Why Most Data Projects Fail and How to Avoid It
Unfortunately, the majority of data projects fail. Yet, they fail for the same reasons. This talk will explore the most common reasons data projects fail and how to avoid them. We will do this by introducing the who, what, when, where, and how of data projects.
Unfortunately, the majority of data projects fail. Yet, they fail for the same reasons. Most management and data teams don’t know the reasons a project succeeds or fails. It just appears to be random, hard work, or luck. To help understand the reasons teams succeed, we will introduce the who, what, when, where, and how of data projects. By answering these questions, teams will understand what they’re trying to accomplish far better.
Who: Data teams all start with people. This needs to be the right people, with the right skills, and at the right ratios. You will need data scientists, data engineers, and operations all working together.
What: Just saying you want AI isn’t enough. You need to know what business value will be generated. There should be a clear and attainable path to value creation. You have to clearly state what you are going to do to create value.

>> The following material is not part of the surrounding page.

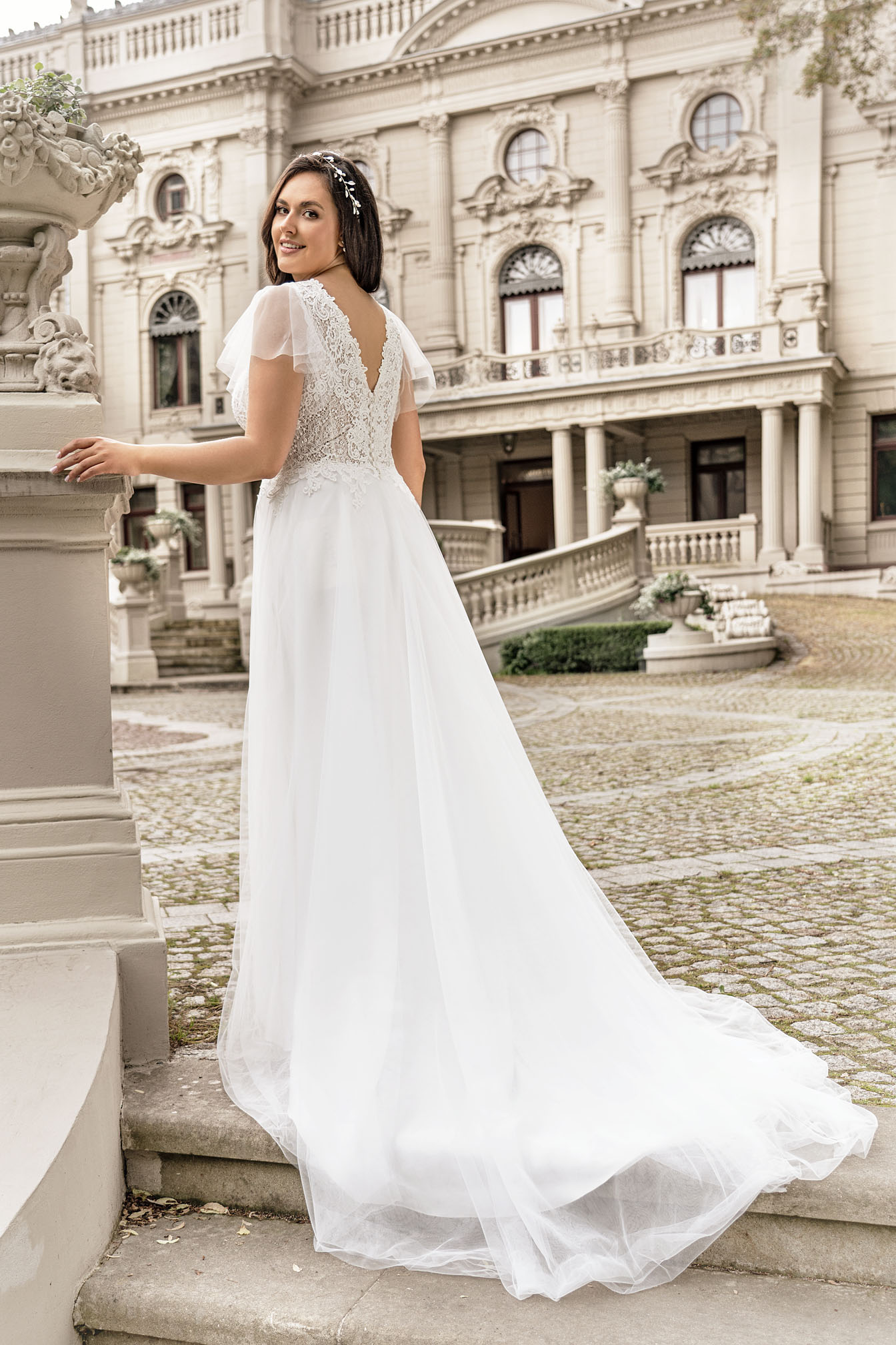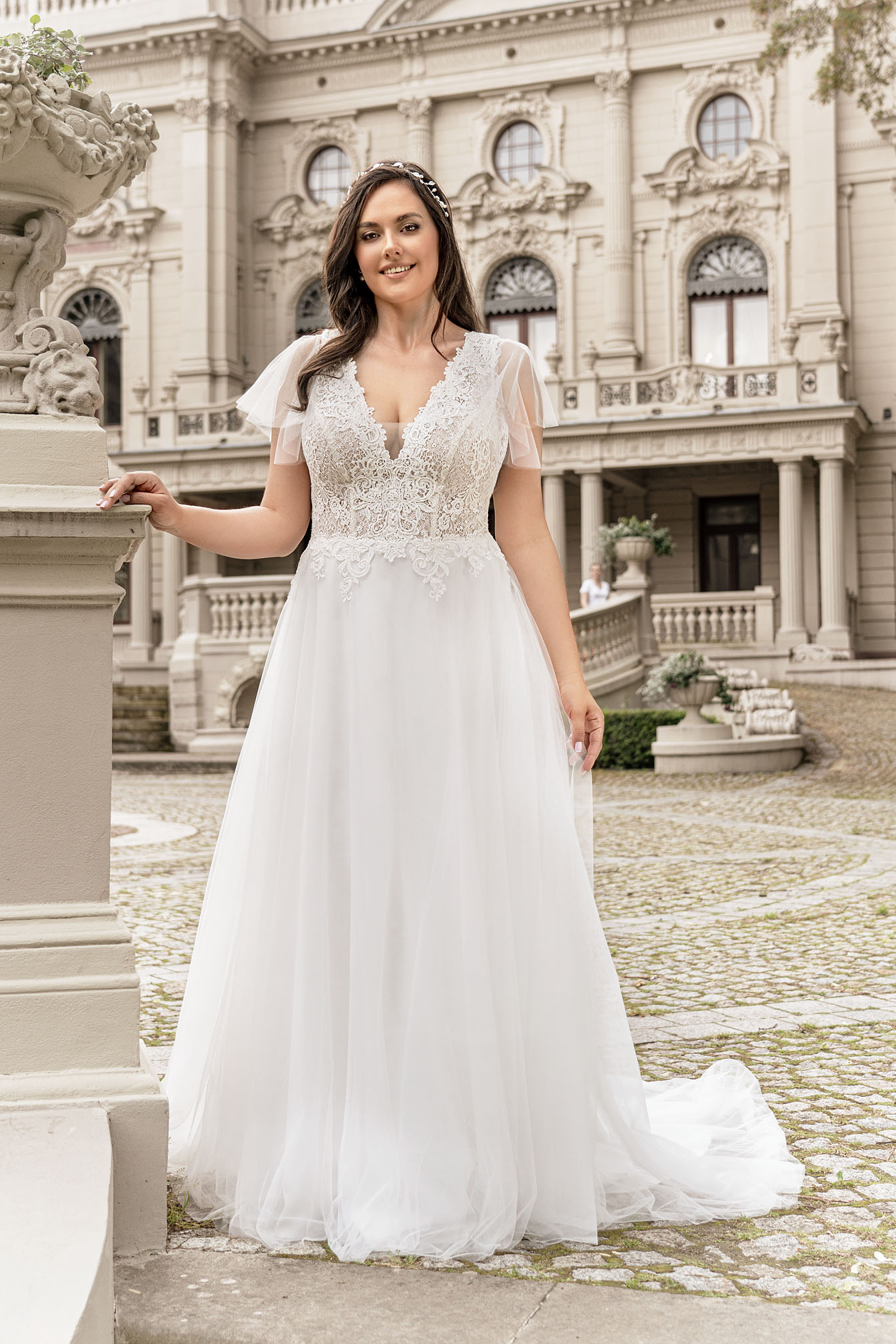 Koronkowa suknia ślubna boho z kolekcji Plus Size powstała z miłości do delikatnego stylu i romantyczności. Suknia ślubna z fiszbinami zapewni Ci pełen komfort oraz wygodę przez cały dzień, a jednocześnie podkreśli Twoje kobiece kształty. Suknia ślubna z krótkimi, zwiewnymi rękawkami jest propozycją idealną na ślub w plenerze oraz dla Panien Mlodych, które czują się pewniej w zasłoniętych ramionach. Klasyczna suknia ślubna z lekką zwiewną spódnicą, wykonanną z delikatnego szyfonu doda Ci magicznego uroku podczas tańca i da Ci gwarancję nietuzinkowego i zjawiskowego wyglądu. Klasyczna suknia ślubna z kolekcji Lovlely sprawdzi się idealnie dla każdej Panny Młodej.

When: Unattainable timelines aren’t feasible and neither are “when it’s ready” timeframes. Data projects need to deliver value on a sane timeline. This will include delivering in tranches so the team can gain velocity.
Where: Clusters need to be spun up somewhere. Data needs to be stored somewhere. The data needs to come from somewhere. Data teams need to have a clear plan and architecture of where each piece will be done.
How: Data teams need a clear plan that they are executing. This plan needs a singular focus or the work will go in different directions. There need to be clear technical choices and specific technologies chosen.
- We need all three teams to be successful with data projects.
- We need to answer who, what, when, where, and how for a successful data project.
- Management is at the center of planning for data projects.